Tubuh Fang Yuan berotot, monster raksasa di tubuh bagian bawahnya memasuki pandangan Feng Jin Huang tanpa keraguan.

“Aku benar-benar datang ke sini? Ck, Gu perjalanan abadi yang tetap punya kelemahan seperti itu, dia tidak bisa membawa pakaian bersamaku. Tapi untungnya, aku menaruh cacing Gu-ku di dalam lubangku, dan membawanya.”

Fang Yuan melihat sekelilingnya, menyadari situasinya.

“Eh? Bukankah orang di bawahku ini Feng Jin Huang?”

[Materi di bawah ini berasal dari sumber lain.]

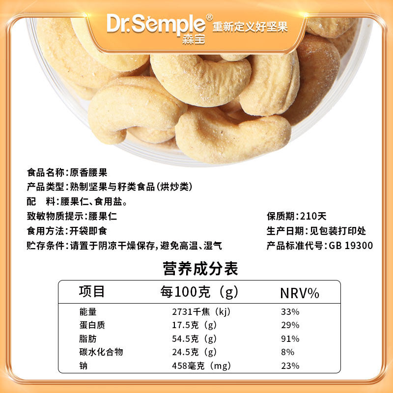Senbao original fragrant salt ovens with cashew nuts 500g Vietnam Nuts Dried Fruits Snack Fruit Nuts Dry Goods Small Package Nut Bagged
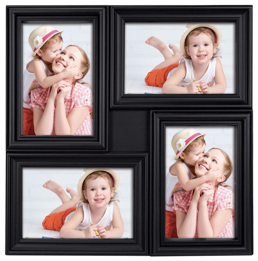 ¡Reúne tus momentos favoritos en un solo lugar fácilmente enmarcándolos en un marco collage! Este marco collage tiene espacio para 4 fotos en tamaño 10x15 cm, 2 en formato vertical y 2 en formato horizontal. El marco collage tiene un elegante tono negro y está hecho de material compuesto. Incluye soporte para colgar en la pared. Las dimensiones exteriores del marco son de 33x33 cm y su forma cuadrada le da un aspecto elegante, convirtiéndolo en un cuadro decorativo para tu hogar.
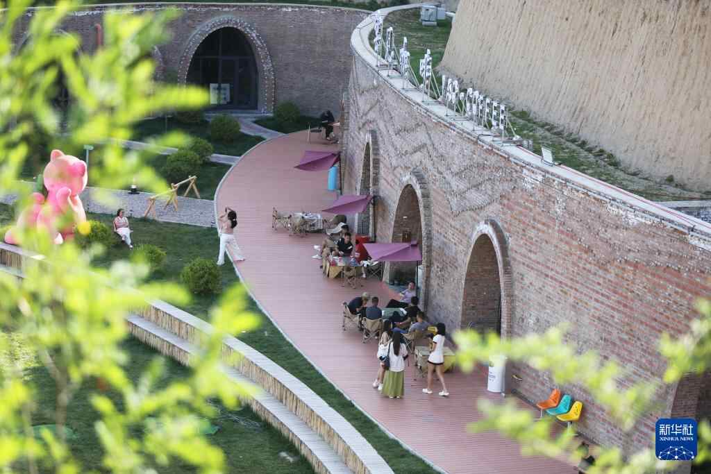 8月13日,人们在甘肃省定西市安定区青岚山乡的一家窑洞咖啡馆休闲。
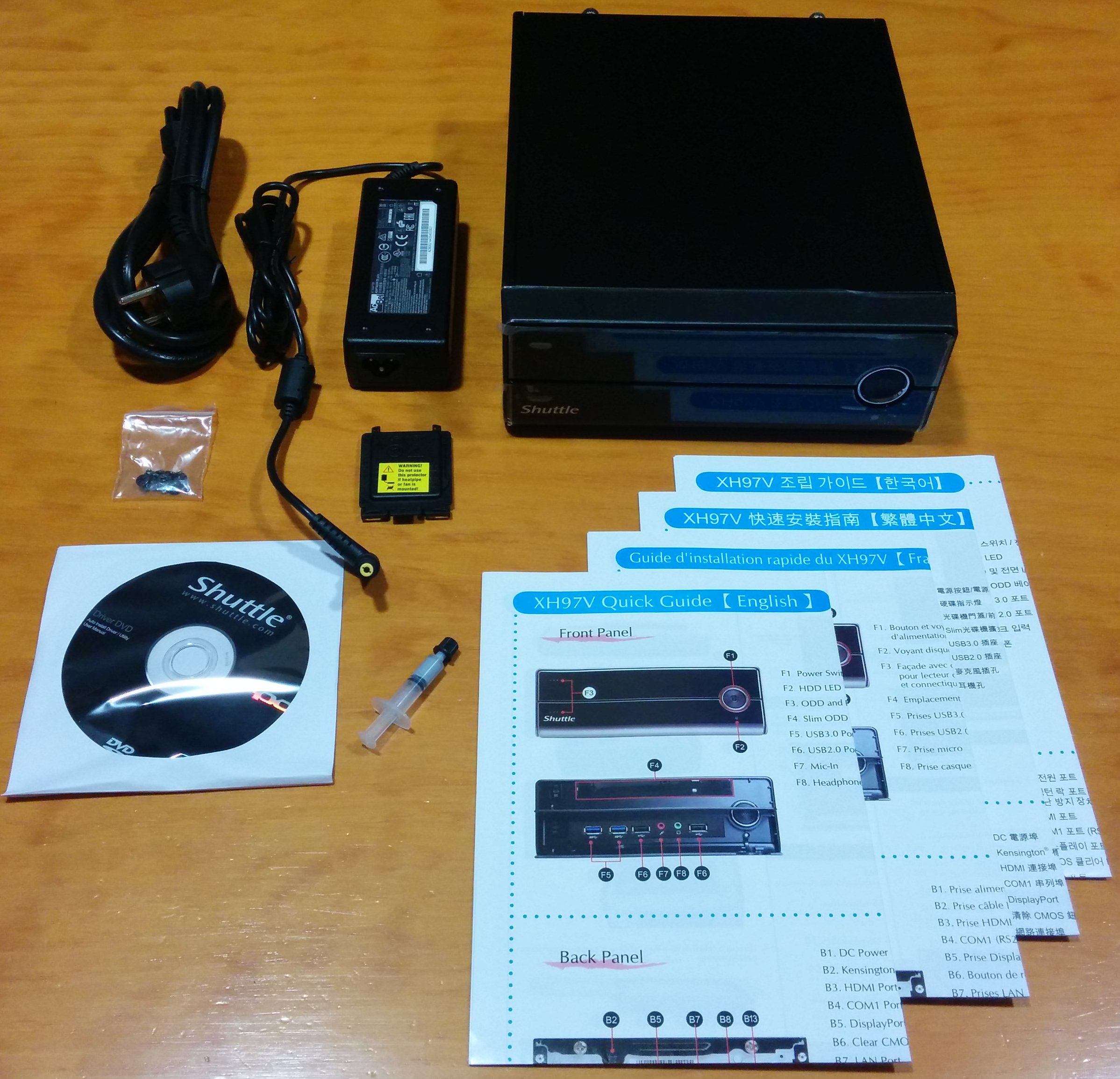 Una vez extraído todo su contenido de la caja, podemos ver el XH97V y los accesorios que incluye: cable de corriente, fuente de alimentación externa de 90W, una jeringuilla de compuesto térmico, una cubierta protectora del socket LGA1150, tornillos de instalación para las unidades de almacenamiento y óptica, y las guías de usuario en varios idiomas.

Sepertinya «Biografi Feng Jin Huang» memberikan waktu yang akurat. Dia selangkah lebih maju, kompetisi ini tidak melarang cacing Immortal Gu, menurut aturan, dia adalah pemilik Tanah Terberkati Immortal Hu!

“Aku berhasil, semua risikoku terbayar lunas. Memangnya kenapa kalau aku gagal menyempurnakan Gu aperture kedua? Sekarang aku punya yang lebih baik, seluruh tanah suci Hu Immortal, dan Gu perjalanan abadi yang sudah diperbaiki! Hahahahaha…” Fang Yuan tertawa terbahak-bahak dalam hati.

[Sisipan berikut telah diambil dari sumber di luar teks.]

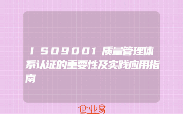 - ISO9001质量管理体系认证的重要性及实践应用指南
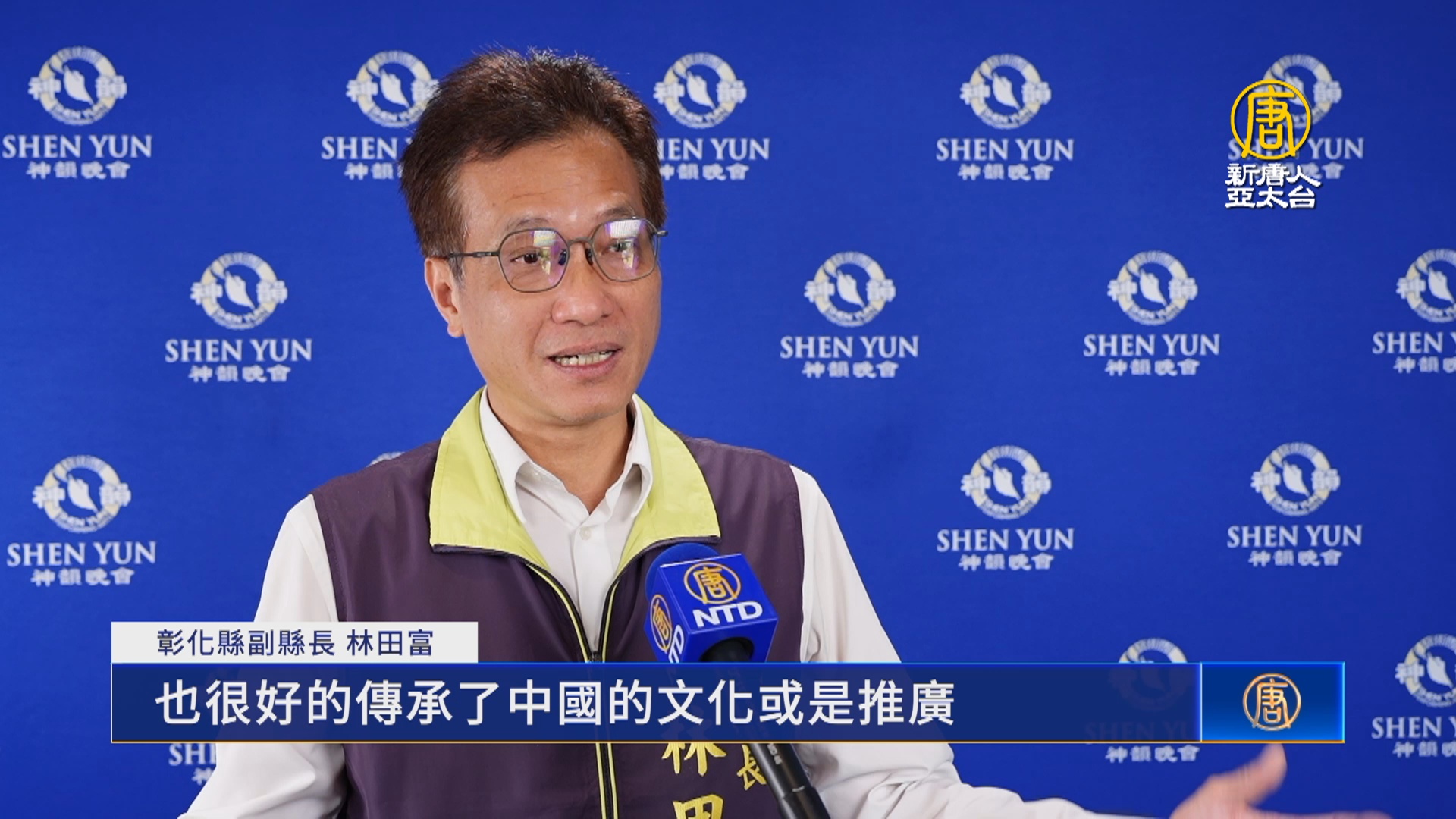 彰化縣副縣長 林田富:「神韻目前在全世界150個國家城市裡面去演出,也很好的傳承了中國的文化或是推廣,這一點我覺得做得特別好,我們就是對神韻所有的工作同仁表達感謝和推崇。」
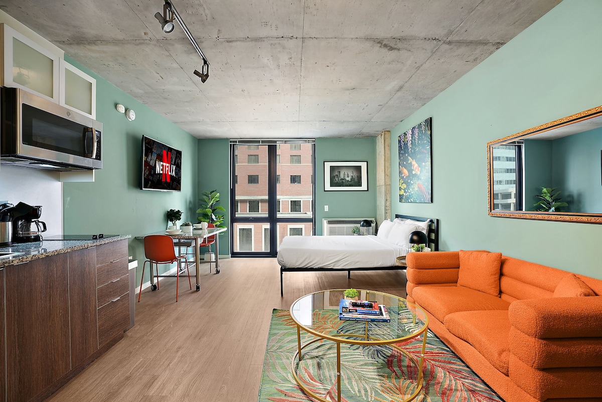 Step into a true urban retreat that has been fully renovated, offering 1,000 sq. feet of inspiring space. The modern European kitchen awaits your culinary adventures, while the serene living room, adorned with a large fireplace and 75" TV, invites relaxation. Flow seamlessly into the airy bedroom, featuring a king-size bed and a dedicated workspace. The bathroom, with its floor-to-ceiling tiles and luxurious rain shower, exudes elegance. For comfort, this unit, fully air-conditioned and heated.
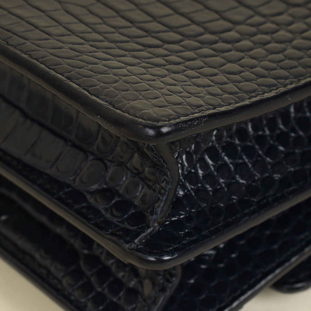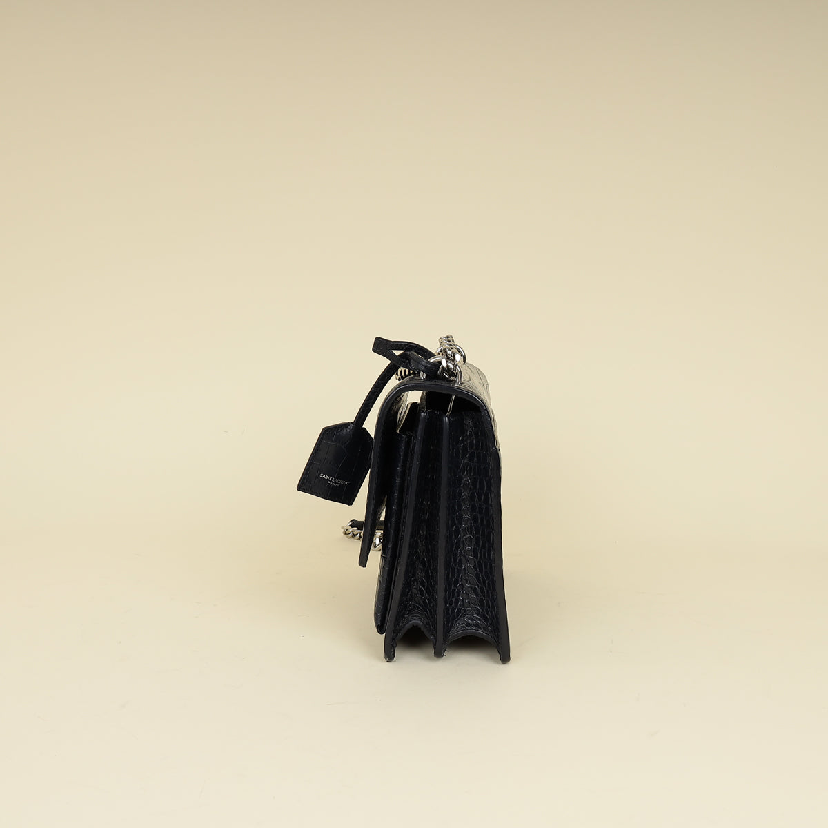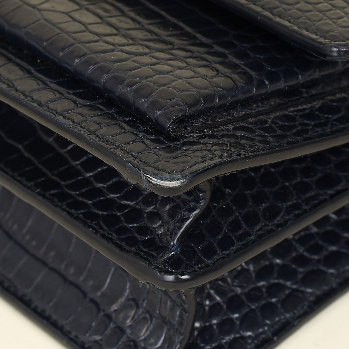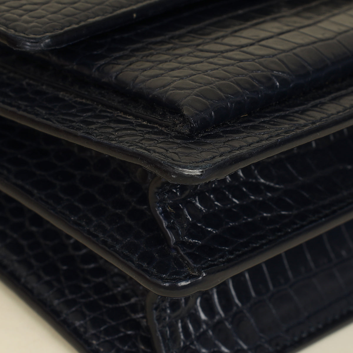 YSL Dark Blue Croco Embossed Sunset Chain Shoulder Bag

“Sayangnya, dia punya sayap mimpi Immortal Gu, aku belum bisa membunuhnya.” Fang Yuan menatap Feng Jin Huang dengan penuh penyesalan, lalu mengangkat kaki kanannya.

Di bawah pengawasan sepuluh Dewa Immortal Gu, kaki kanannya mendarat di wajah Feng Jin Huang, karena perasaan seperti batu giok dapat dirasakan di kakinya.

“Enyahlah.” Fang Yuan mendorong dan menendang Feng Jin Huang yang lemah dan linglung hingga jatuh.

Feng Jin Huang sudah kehabisan tenaga, bagaimana mungkin dia bisa menahan tendangan Fang Yuan, dia langsung turun.

Fang Yuan berbalik, menghadap roh tanah.

“Hu Immortal Kecil, bukankah kau memanggilku tuan?”

“Master… tuan…” Gadis kecil itu menatap Fang Yuan dengan terkejut.

Setelah dia bereaksi, dia menggunakan tangan kecilnya yang lembut untuk menutupi matanya yang besar dan bening.

Kemudian dia menundukkan kepalanya, mukanya merah padam karena malu, sambil menghentakkan kaki, menggeleng-gelengkan kepala, dan berkata dengan lemah lembut: “Master, tidakkah kau malu? Kau sudah begitu tua. Cepat pakai bajumu!”